In 2007, the last three foreign-owned horse slaughter plants operating in the U.S. were closed by state laws. Without the new federal law, however, horse slaughter plants could open in other states where such laws do not exist.

That is exactly the hope of Sen. Frank Kloucek, D-Scotland, and the idea behind a nonbinding resolution, passed by the South Dakota Senate late in the 2008 session, which opposes the federal efforts mentioned above.

Like Sen. Kloucek and the American Veterinary Medical Association, we think the anti-slaughter advocates are creating a bigger animal abuse problem than they are solving with the proposed federal ban. Kloucek's resolution says the ban puts horses at risk of abandonment and starvation.

Proponents of the federal ban have done nothing to address the real issue here: What to do with an estimated 100,000 horses relinquished by their owners each year that currently go to slaughter?

Suggestions that they all be sent to horse "rescue" facilities or humanely euthanized are naïve at best, absurd at worst.

The rescue of untold thousands of horses each year until natural death is financially unrealistic. And the costs of euthanizing an animal that large can be $400 or more. Burying the carcass poses a larger environmental risk of biological and chemical contamination of ground water.

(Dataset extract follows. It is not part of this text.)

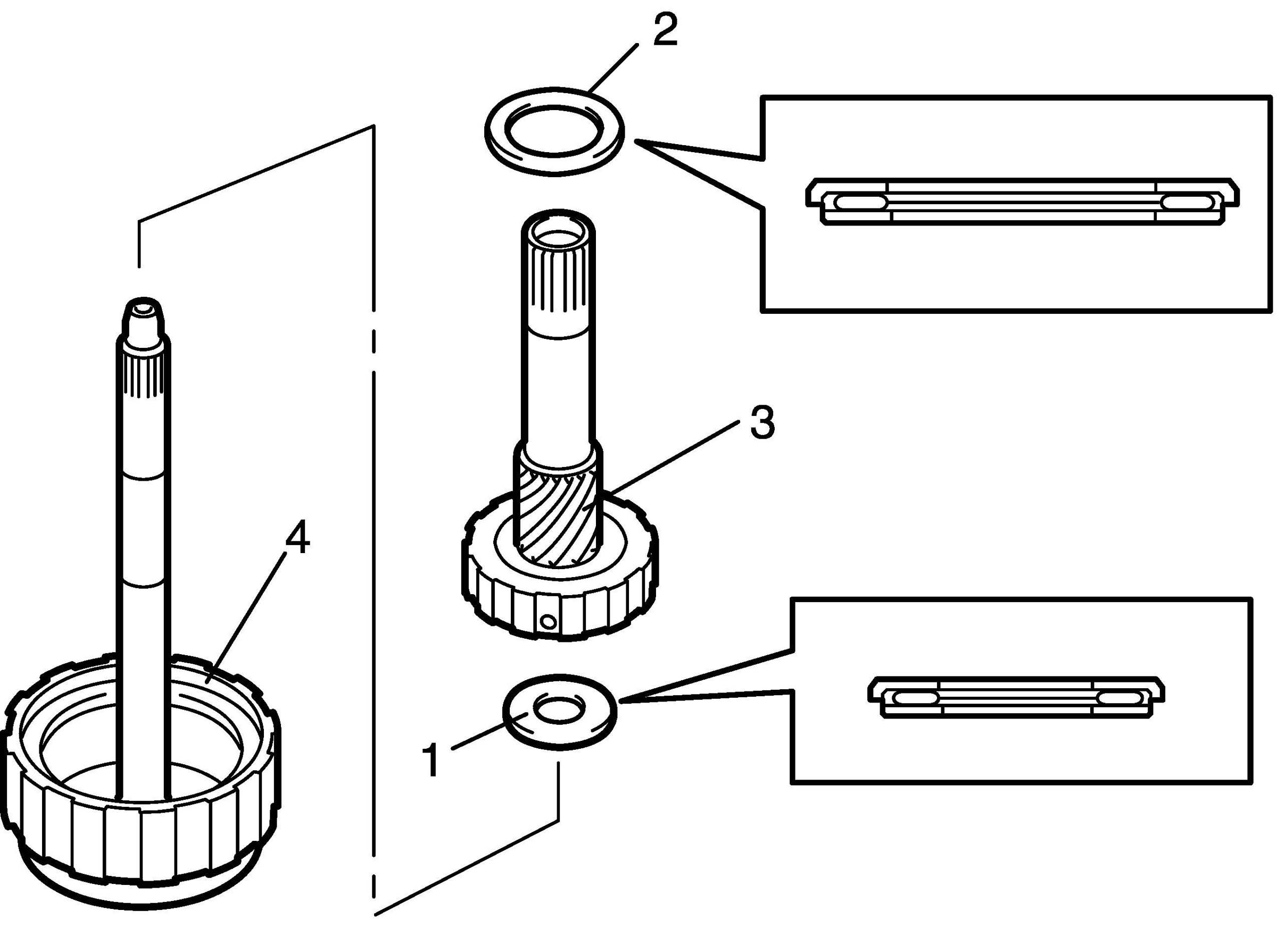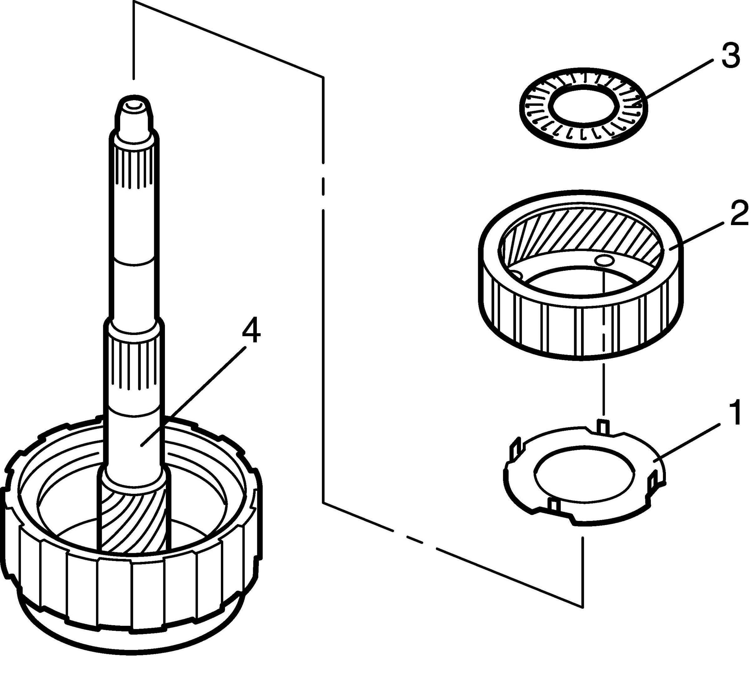 49. Install input shaft front thrust bearing (1), planetary sun gear (3), and rear planetary ring gear rear thrust bearing (2) to forward and direct clutch assembly (4).
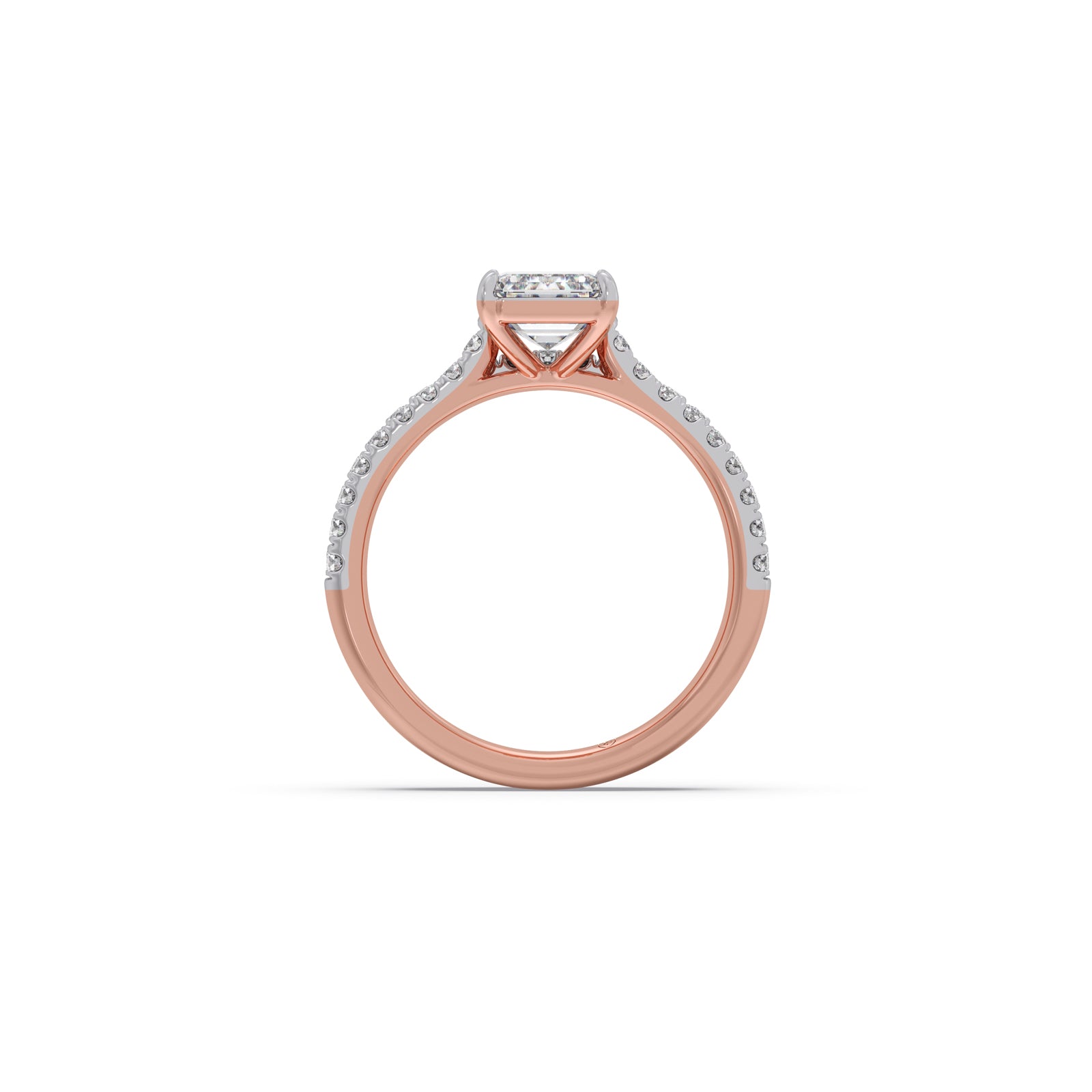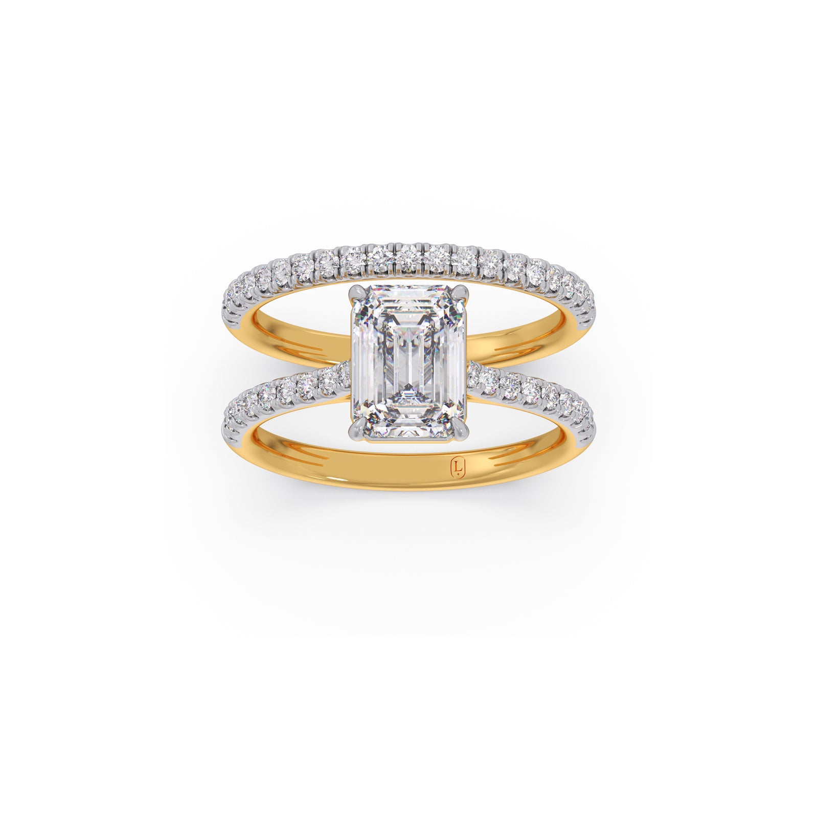Dual Harmony Solitaire Diamond Ring,featuring a stunning emerald-cut center diamond set above twin pavé bands. Crafted in rich Yellow gold with shimmering white-gold diamond accents, this design blends timeless elegance with modern sophistication.

Additionally, slaughter opponents fail to recognize the supply-and-demand power of the marketplace.

Cultural chauvinism in dietary choices doesn't become any of us. Although we have no desire to eat horsemeat, we respect the fact that some people do. In Belgium, the price of horse flesh has hit an all-time high, perhaps in response to outbreaks of BSE, or mad cow disease, in Europe. So even a federal ban against transport likely won't keep many horses from crossing the border illegally.

Keeping horse slaughter legal and federally regulated here in America is a more humane option than the current situation.